Difficile che i personaggi strabordanti, le personalità invasive, trovino oggi nella tv italiana lo stesso successo che ebbero in passato, quando urlatori, provocatori, ma anche sublimi gesti geniali nel loro eccesso vennero riconosciuti come elisir dell'anti noia e i titolari furono gioiosamente aggregati al carrozzone della serata in tv. Stiamo pensando a Morgan, ed è curioso constatare, appunto, che ormai ne parliamo in termini assolutamente televisivi, come tv personality, al di là dei meriti e dei suoi valori come cantante e musicista.
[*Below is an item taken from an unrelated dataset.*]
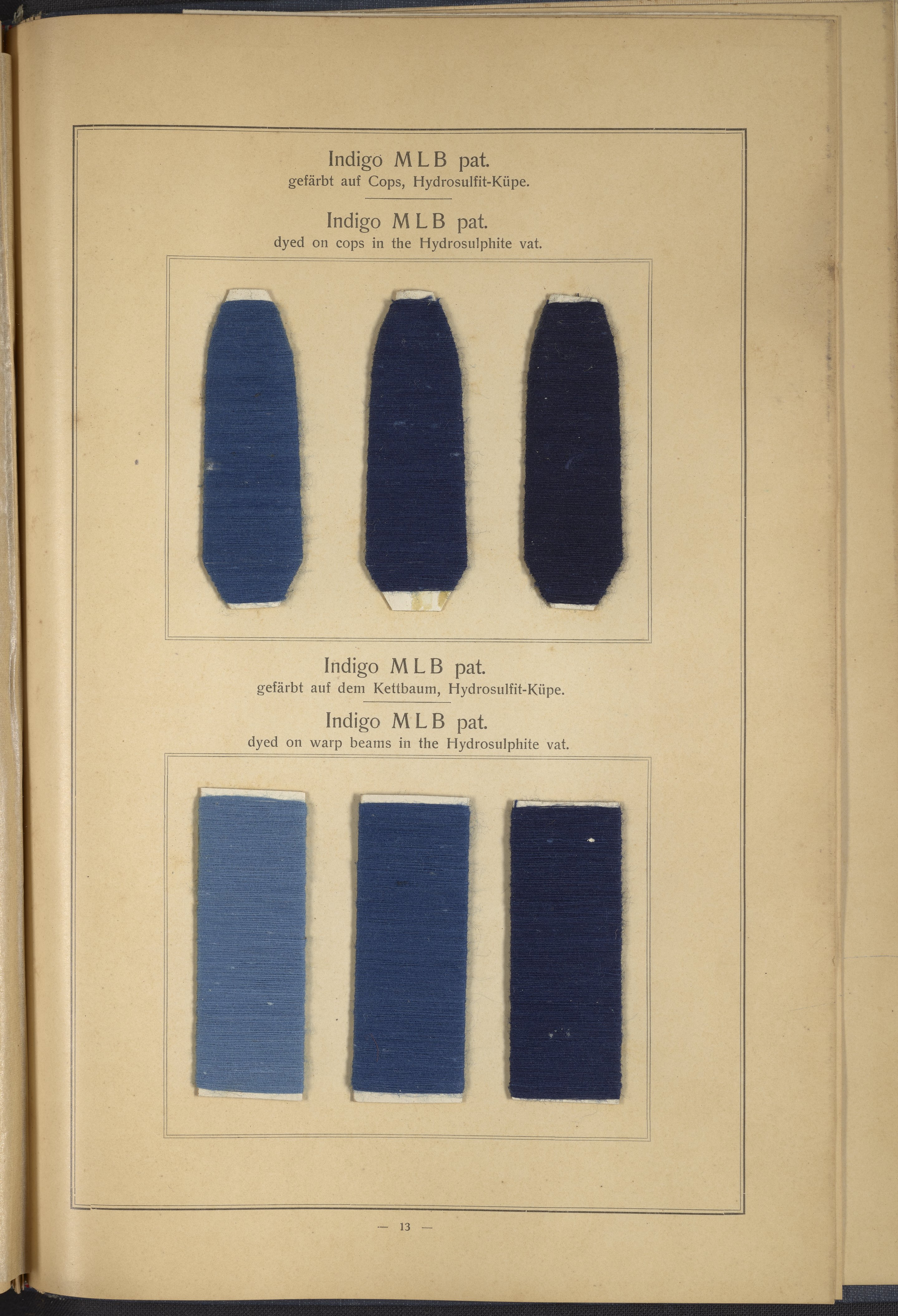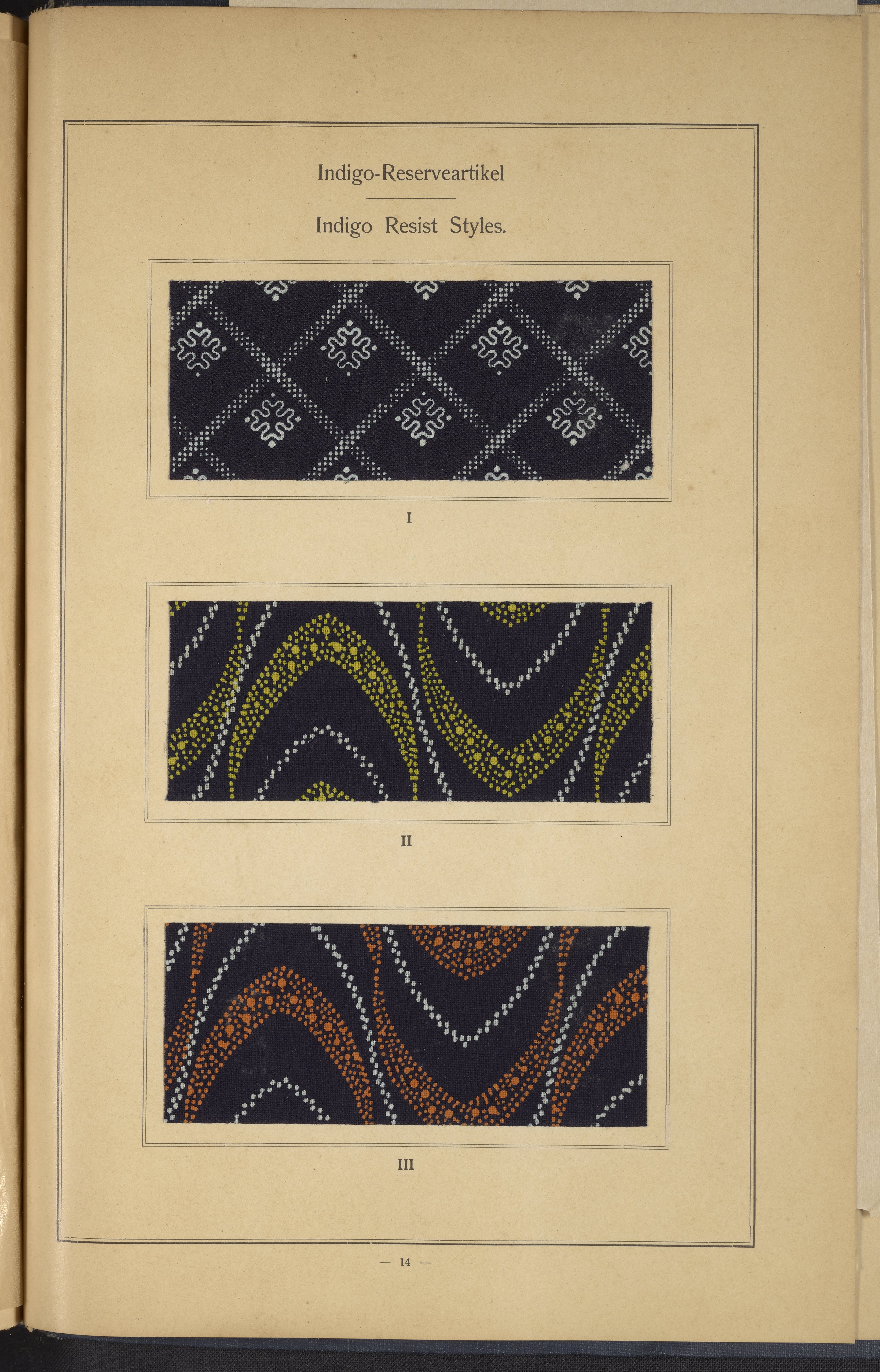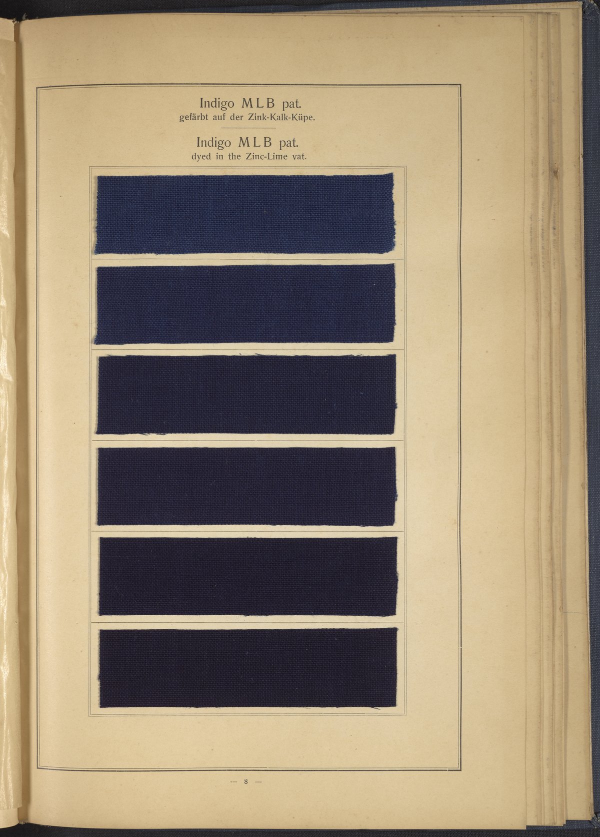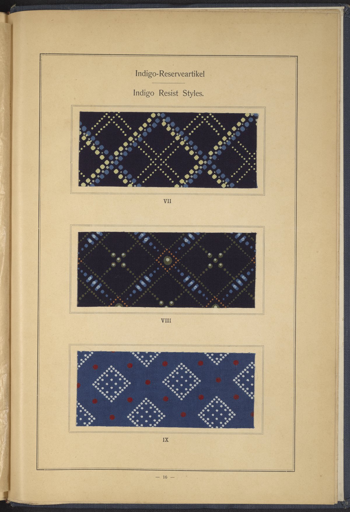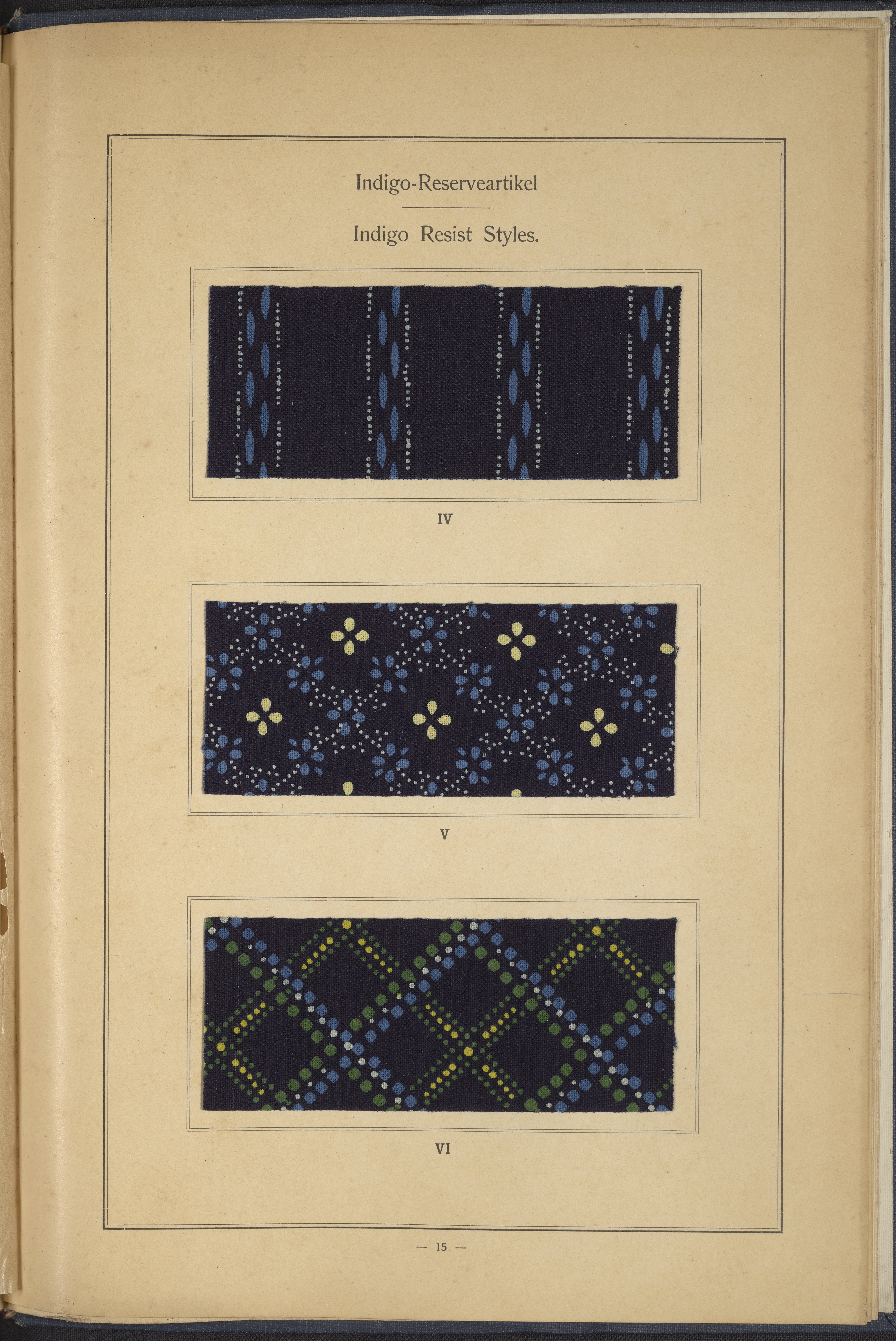 Small JPG1200 x 1634px — 431 KBLarge JPG2880 x 3920px — 2.7 MBFull-sized JPG4863 x 6619px — 7.0 MBOriginal fileTIFF — 4863 x 6619px — 92.2 MBThis sample book begins with a selection of recipes for the preparation of dye vats. Each recipe lists the solvents and solutes necessary to mix large-volume solutions of indigo textile dye using Indigo M.L.B. brand powdered dye, a synthetic indigo created using the "Pfleger indigo process," the first commercial process of indigo dye production. The recipes are followed by a series of protocols for indigo "resists" or the media used to prevent dye from penetrating the textile. Resist-dyeing is a traditional method used to create patterned designs on textiles. Substances are used to "resist" or prevent the dye from reaching all the cloth, thereby creating a pattern. Finally, the work contains 16 plates of mounted yarn and fabric samples demonstrating the outcomes of the preceding recipes.

    Difficile che i personaggi strabordanti, le personalità invasive, trovino oggi nella tv italiana lo stesso successo che ebbero in passato, quando urlatori, provocatori, ma anche sublimi gesti geniali nel loro eccesso vennero riconosciuti come elisir dell'anti noia e i titolari furono gioiosamente aggregati al carrozzone della serata in tv. Stiamo pensando a Morgan, ed è curioso constatare, appunto, che ormai ne parliamo in termini assolutamente televisivi, come tv personality, al di là dei meriti e dei suoi valori come cantante e musicista.

    Ormai, per preveggenza o per sopravvivenza, infatti, Morgan ha definitivamente traghettato la sua faccia antica e la sua voce mimetica dentro la scatola. La cosa lo adombrerà, ma è così, e deve accettarlo perché è lui che l'ha voluto o forse sono le traiettorie della sua carriera artistica ad averlo imposto, dal momento che oggi, probabilmente, se si vuole vivere con un certo agio, essere Morgan il cantante può non bastare più, nell'asfittico panorama del commercio musicale (certo, se non che a espandere il cachet per una serata, non ci siano appunto la popolarità guadagnata cantando le stupefacenti “Canzoni dell'appartamento” – una delle più alte produzioni italiane degli ultimi dieci anni –, ma le sue stravaganze lunari nell'interpretazioni d'un Verdi postmoderno, ridotto dalla necessità a servire il pubblico nei panni del giudice di pivelli). Perché tra i sonnecchiamenti di questa stagione tv, la possanza da arena dell'edizione Sky di “X Factor” e gli stimoli provenienti da quella giuria che mai risulta narcotica e anzi – liquidato il buonsenso d'antan della Maionchi – riesce a essere cult, ha la sua punta di diamante negli sconcerti del Marco Castoldi. Il quale, va ricordato, gioca a questo gioco della musica con l'arroganza di chi è maestro della materia e adesso si trova a fronteggiare una situazione inedita per lui: fin qui, infatti, nelle tre edizioni alle quali ha partecipato in Rai, aveva sempre trionfato, ovvero aveva condotto alla conquista del fattore X i suoi protetti, dai misconosciuti Aram Quartet (onorati di una canzone da lui scritta, “Chi”), pilotando poi i successi di Matteo Becucci e Marco Mengoni. Stavolta invece, niente pupilli di Morgan fin dalle semifinali, dal momento che l'ultimo suo baluardo per la sua categoria under 25, il valoroso Vincenzo Di Bella, è stato spazzato via dall'ondata di eccellenti vocalist femminili che sono la novità di questa edizione, perché il fenomeno Joss Stone-Katy Perry forse è riproducibile anche da noi.

    Poco male, dal momento che è solo una gara, divertente e stolta, e spesso gli sconfitti hanno avuto più fortuna dei vincitori. Morgan potrà ora giocare con meno politica e più bizzarria e non rinuncerà a essere carnefice e pigmalione supremo. Ma ciò che più diverte è che il suo personaggio regge, anzi si rafforza. Ha scavallato, ha ingoiato gli scandaletti, le maldicenze, le ammesse debolezze, le ha inglobate nel personaggio e ha lasciato che la dissoluzione e quel malinconico buttarsi via divengano la sua cifra più appassionante. Il suo dandismo maculato trash, i suoi approssimativi costumi d'opera, il grigio stropicciato dei suoi capelli, le occhiaie combattute a intermittenza, il discorso che diventa ranting infarcito di reminiscenze musicali, difficilmente lo restituiranno integro alla canzone italiana, ma hanno creato un piccolo capolavoro di amoralità. La sensazione potrebbe essere che lui stesso, acuto com'è, sappia che il serbatoio di creatività d'un cantante non è infinito. Che il suo meglio l'abbia già creato. E che, dal momento che il narcisismo lo richiedeva, questa trovata per restare sotto i riflettori, si riveli alla fine, la migliore possibile.